YOUR GOAL.
Leave the pictures out and write out the rest of the listing word for word.

SOURCE DATA below:

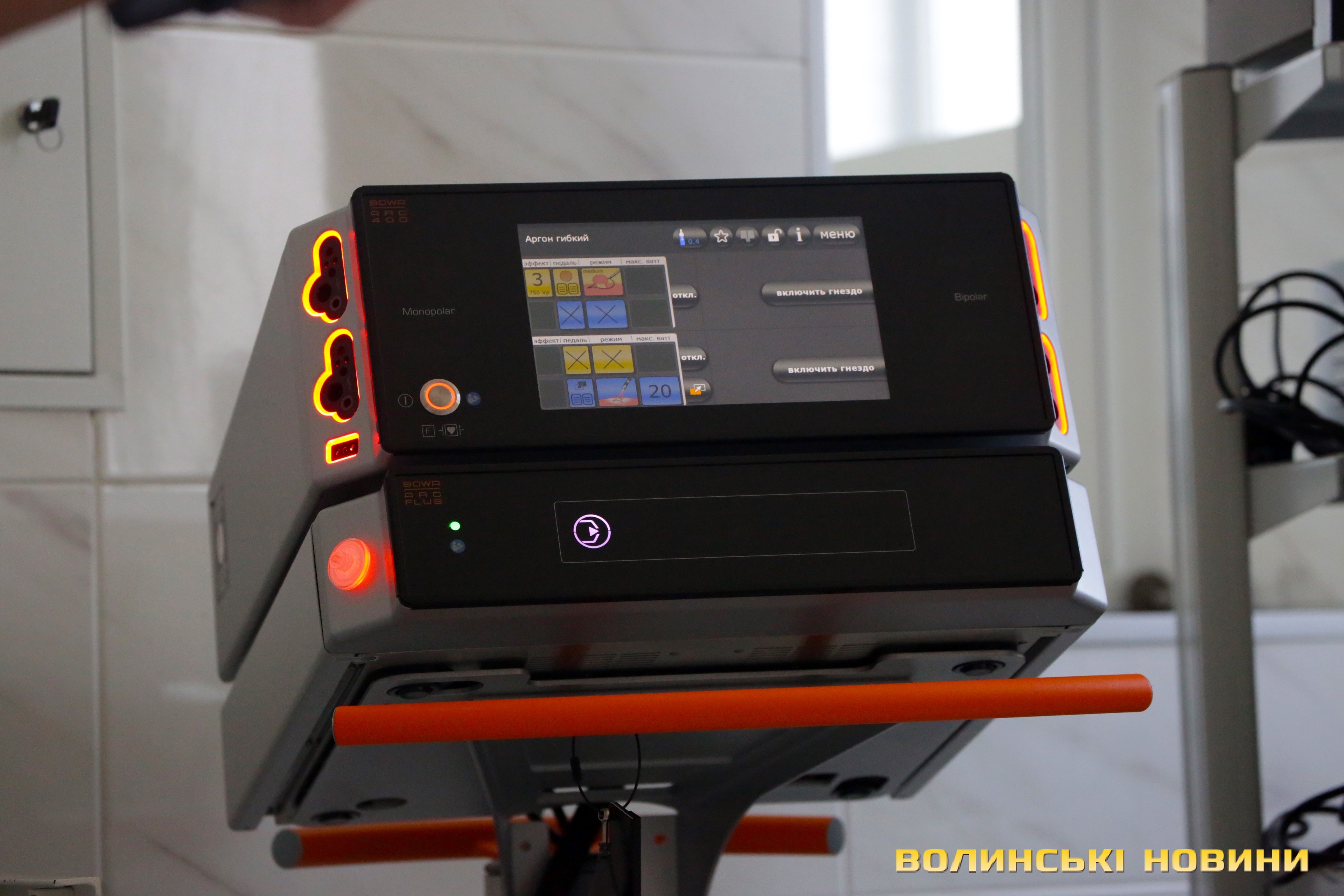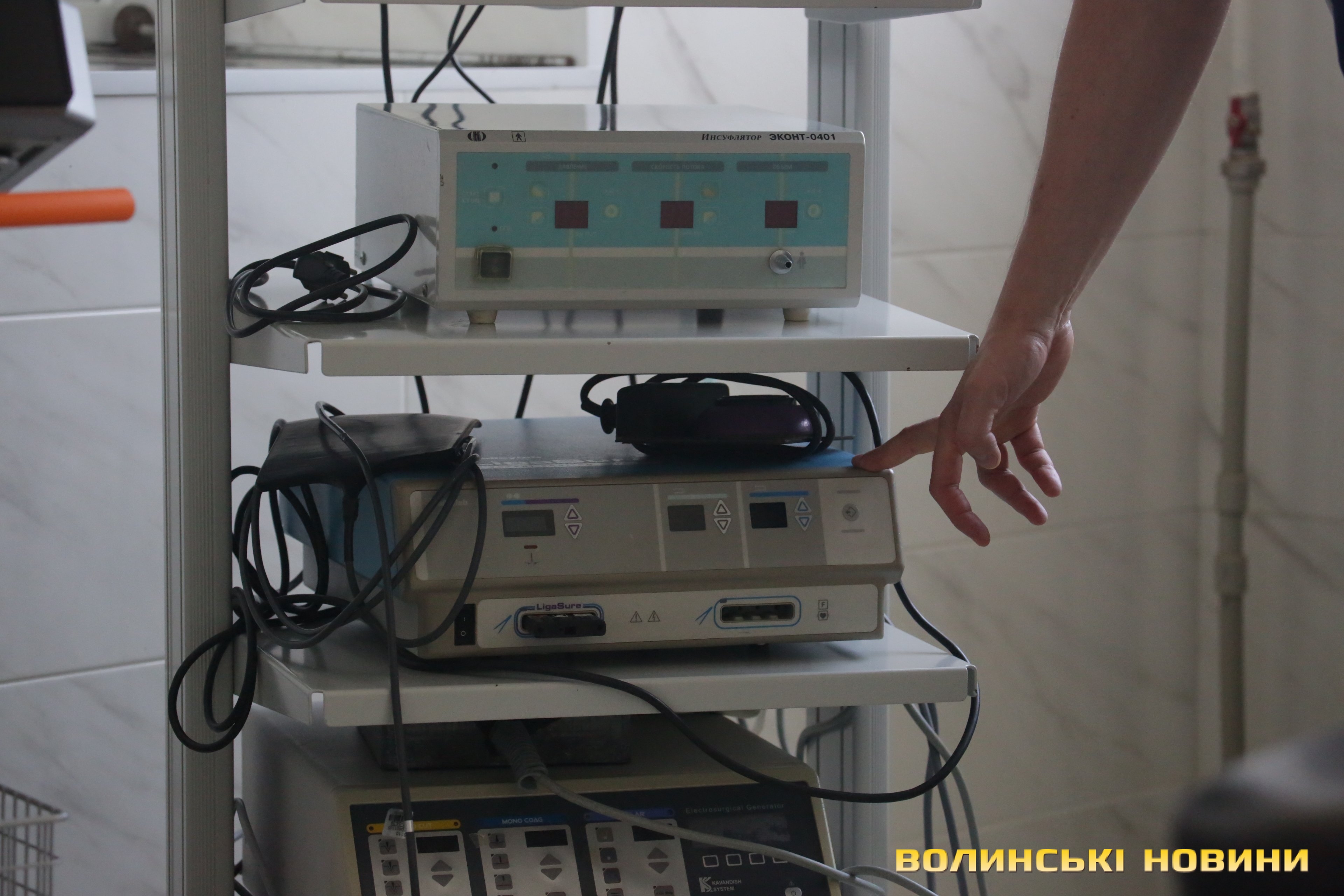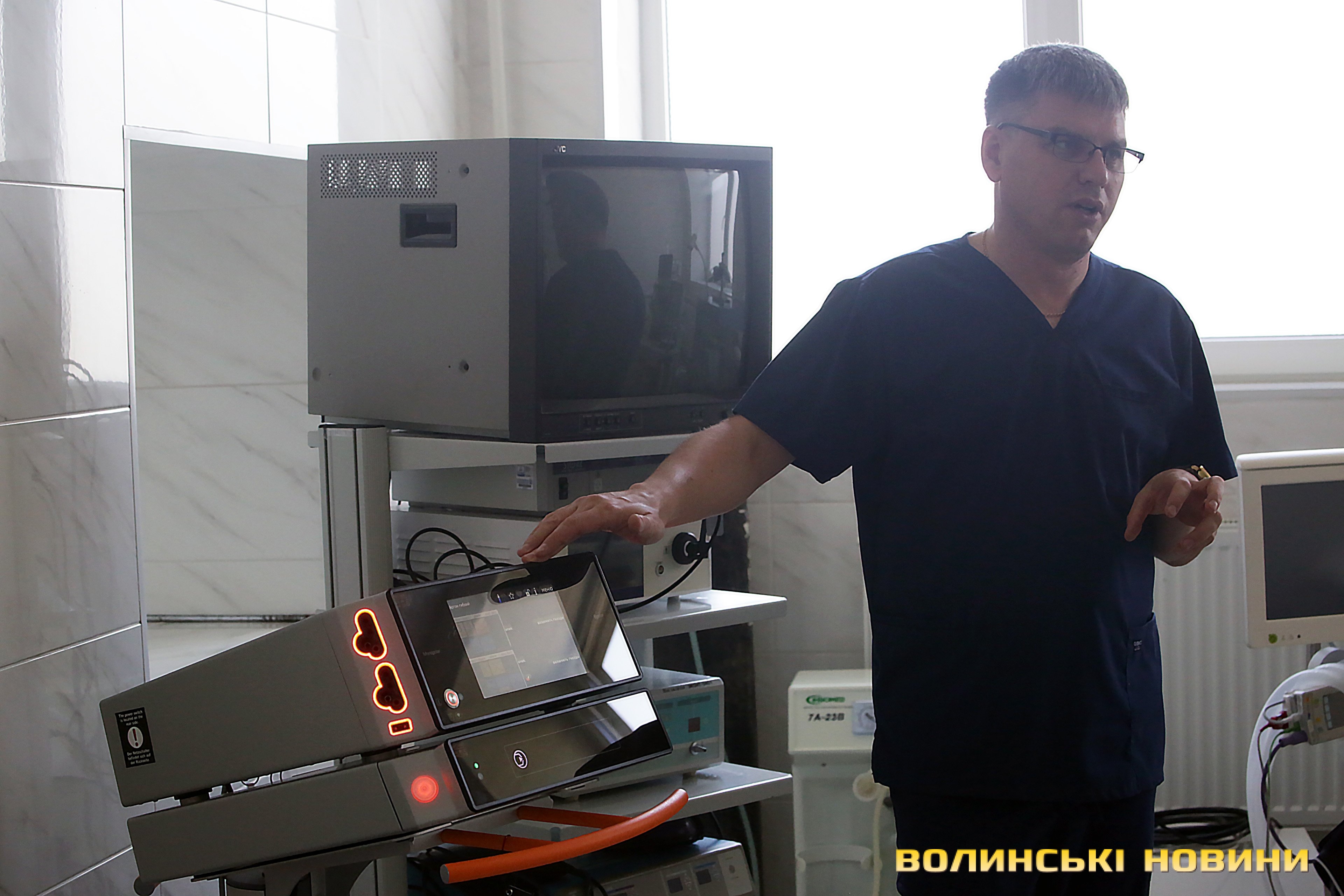 «Усі структурні підрозділи повністю забезпечені найновішим обладнанням провідних світових брендів, діагностичні відділення – сучасними УЗД апаратами, фіброскопами, бронхоскопами та іншим. Зокрема маємо найсучаснішу систему аргоноплазменної коагуляції, яка дає можливість зупинити кровотечу без розрізу в будь-якому органі. Чому це важливо? Тому що у наших планах – створення регіонального Центру зупинки кровотеч на базі лікарні», – не без гордості продовжує ознайомлювати із новітнім обладнанням головний лікар.Демонструє апарат розумної коагуляції, який для потреб лікарні подарували колеги із Франції. Його вартість – 200 тисяч євро. Обладнання дає можливість зупиняти кровотечу під час операції.
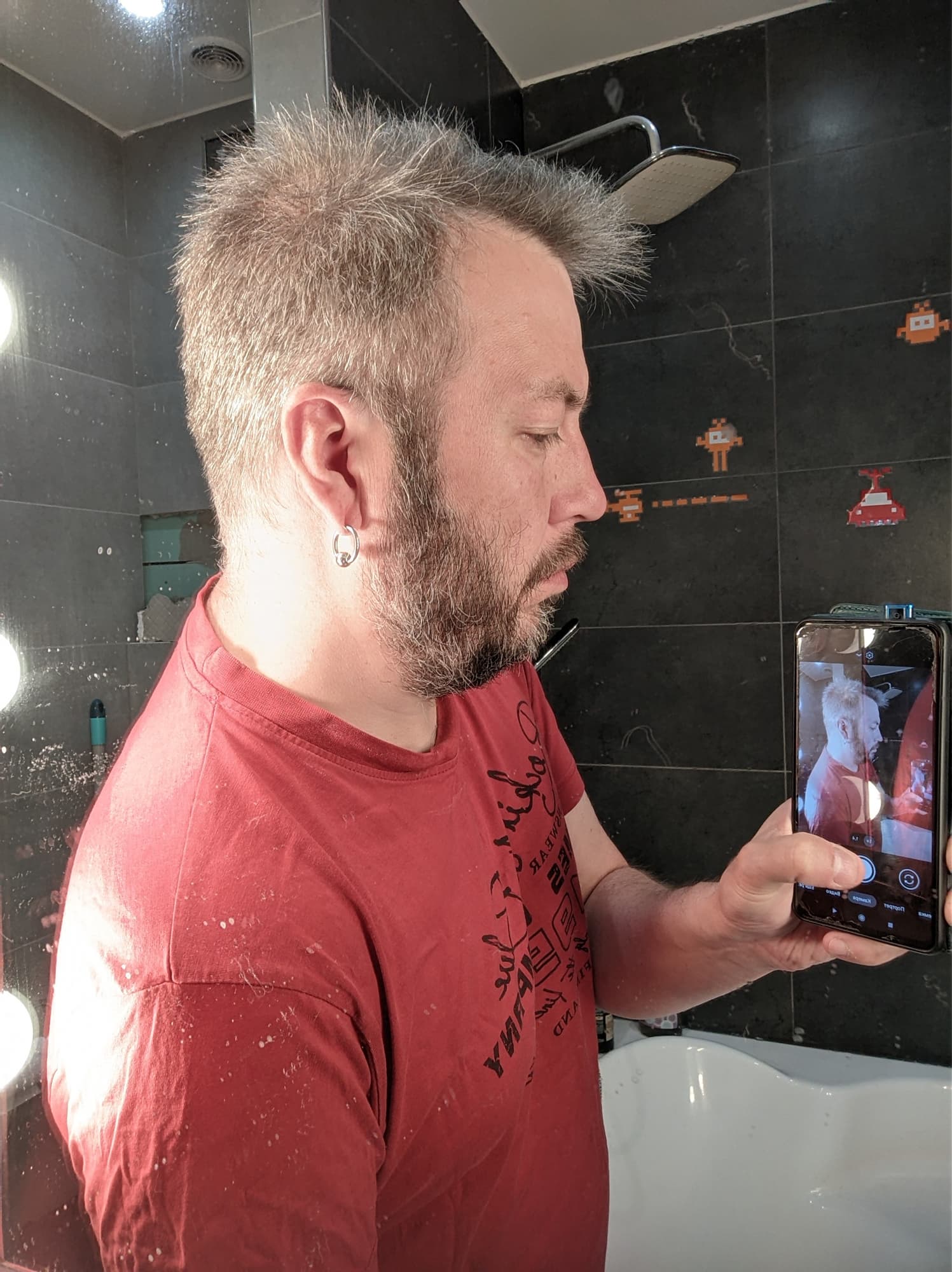 В принципе, опыт оказался примерно тем же, что и при насадке 2 мм. Волосы среза́лись довольно бодро, однако время от времени триммер их довольно больно дергал. Щеки оказались пострижены хорошо, борода и шея — чуть похуже.
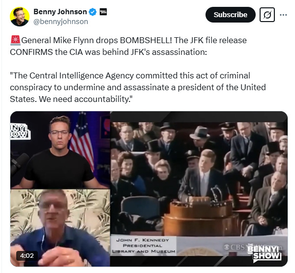 “The JFK file release CONFIRMS the CIA was behind JFK's assassination: ‘The Central Intelligence Agency committed this act of criminal conspiracy to undermine and assassinate a president of the United States. We need accountability.’”
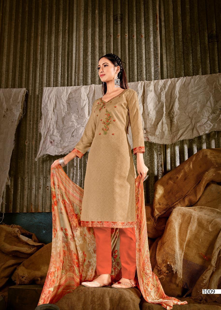 Explore in english - Meera Trend Florina Cotton With Print And Embroidery Work Dress Material Catalog

End of SOURCE DATA.

RESPONSE BOX.
 «Усі структурні підрозділи повністю забезпечені найновішим обладнанням провідних світових брендів, діагностичні відділення – сучасними УЗД апаратами, фіброскопами, бронхоскопами та іншим. Зокрема маємо найсучаснішу систему аргоноплазменної коагуляції, яка дає можливість зупинити кровотечу без розрізу в будь-якому органі. Чому це важливо? Тому що у наших планах – створення регіонального Центру зупинки кровотеч на базі лікарні», – не без гордості продовжує ознайомлювати із новітнім обладнанням головний лікар.Демонструє апарат розумної коагуляції, який для потреб лікарні подарували колеги із Франції. Його вартість – 200 тисяч євро. Обладнання дає можливість зупиняти кровотечу під час операції.
 В принципе, опыт оказался примерно тем же, что и при насадке 2 мм. Волосы среза́лись довольно бодро, однако время от времени триммер их довольно больно дергал. Щеки оказались пострижены хорошо, борода и шея — чуть похуже.
 “The JFK file release CONFIRMS the CIA was behind JFK's assassination: ‘The Central Intelligence Agency committed this act of criminal conspiracy to undermine and assassinate a president of the United States. We need accountability.’”
 Explore in english - Meera Trend Florina Cotton With Print And Embroidery Work Dress Material Catalog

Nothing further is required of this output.